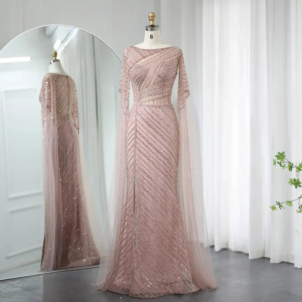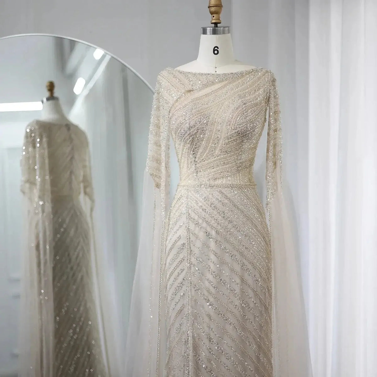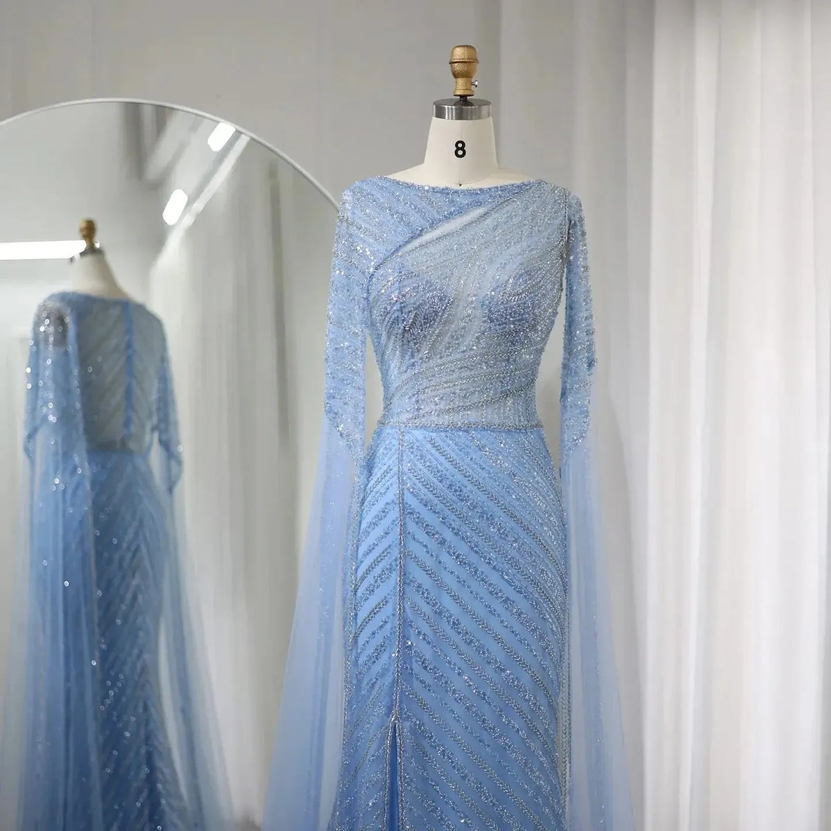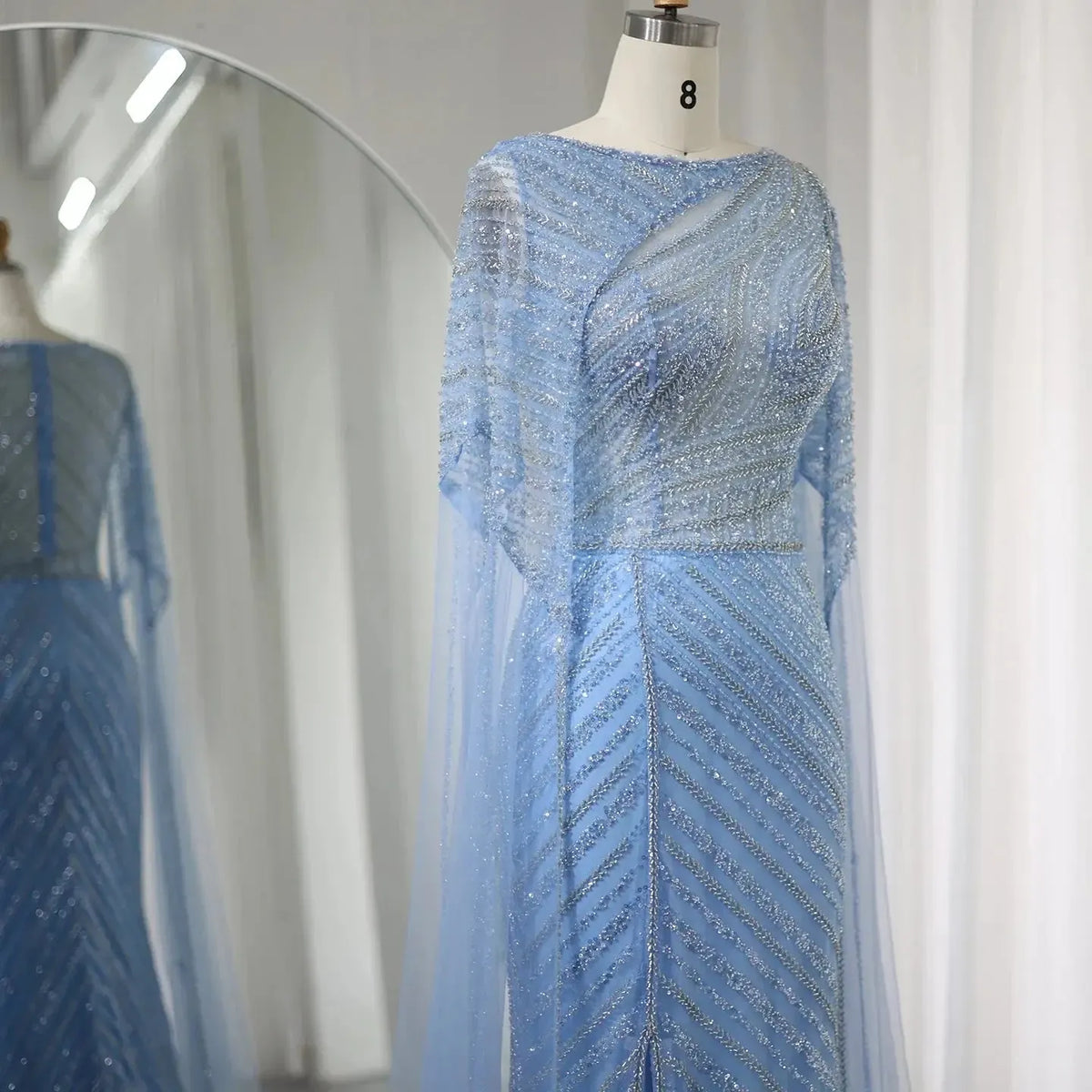 Arabic Mermaid Blue Dubai Evening Dress with Cape Sleeves Luxury Wedding Party Gowns SS087
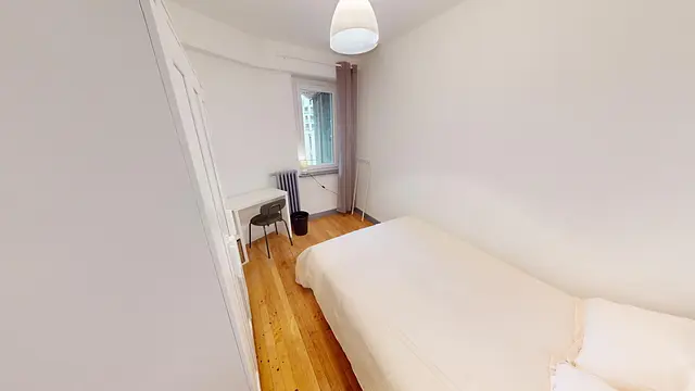 🌛Oqoro vous propose une chambre de 8,77 composée d'un lit double, d'un bureau avec une chaise et d'un placard.
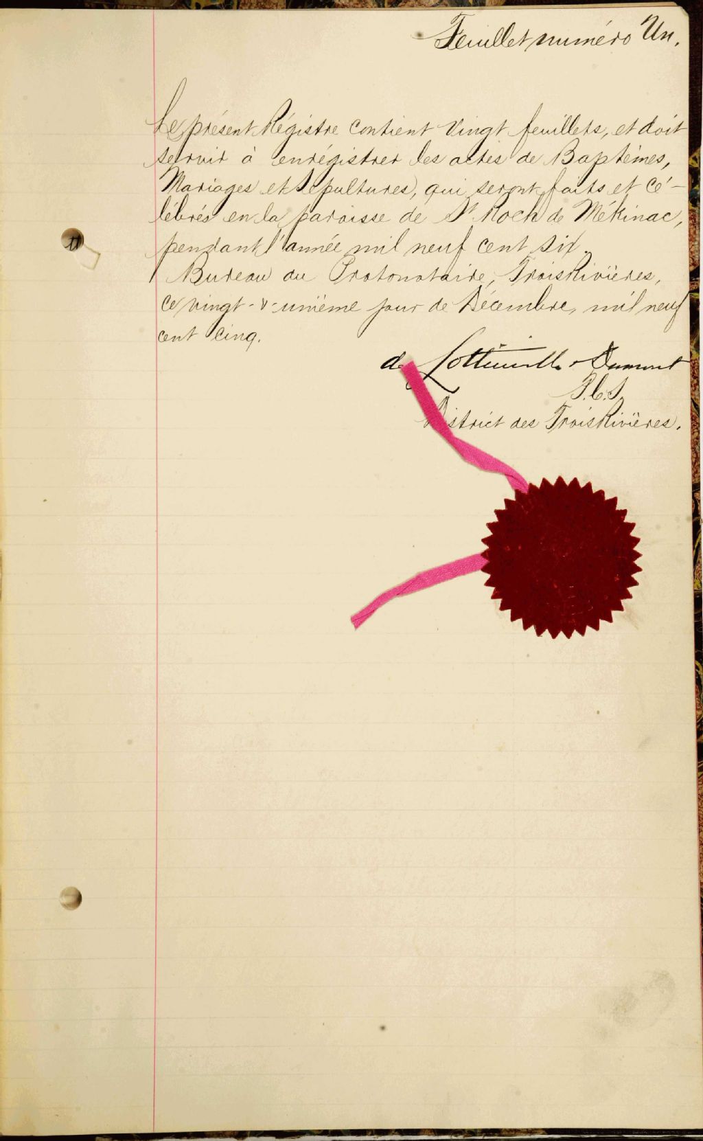 Saint-Roch-de-Mékinac, 1904-1920, Archives nationales à Trois-Rivières, Fonds Cour supérieure. District judiciaire de Saint-Maurice. État civil, (04T,CE404,S28).
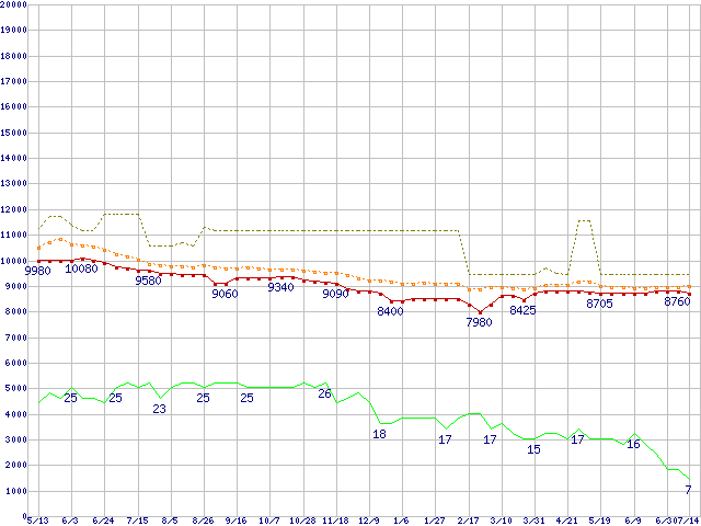 | 6Y120M0 (120GB)の価格推移 | | | (2004年5月13日~2005年7月14日) |
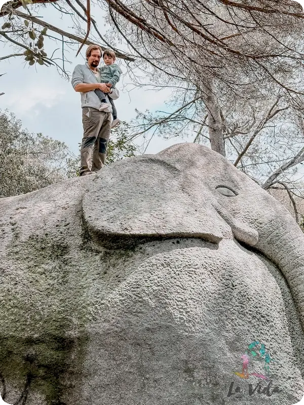 Para no liaros con muchas indicaciones lo mejor para llegar a este lugar es poner el el google maps: Bosc Mágic – Elefant de Pedra.
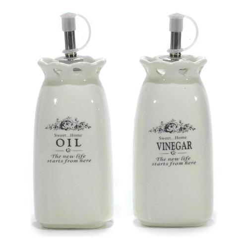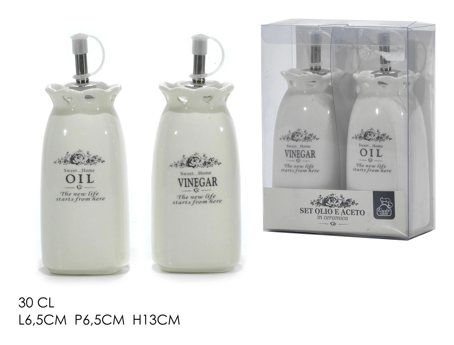 General Trade Set condimento 2 pz Olio e aceto con beccucci acciaio GUSTO CASA Bianco 527015
****
**WHAT TO WORK ON:**
Print out the entries above word for word from the first line to the line containing "et d'un placard.", both included, omitting the pictures.

**ANSWER BOX:**
 Arabic Mermaid Blue Dubai Evening Dress with Cape Sleeves Luxury Wedding Party Gowns SS087
 🌛Oqoro vous propose une chambre de 8,77 composée d'un lit double, d'un bureau avec une chaise et d'un placard.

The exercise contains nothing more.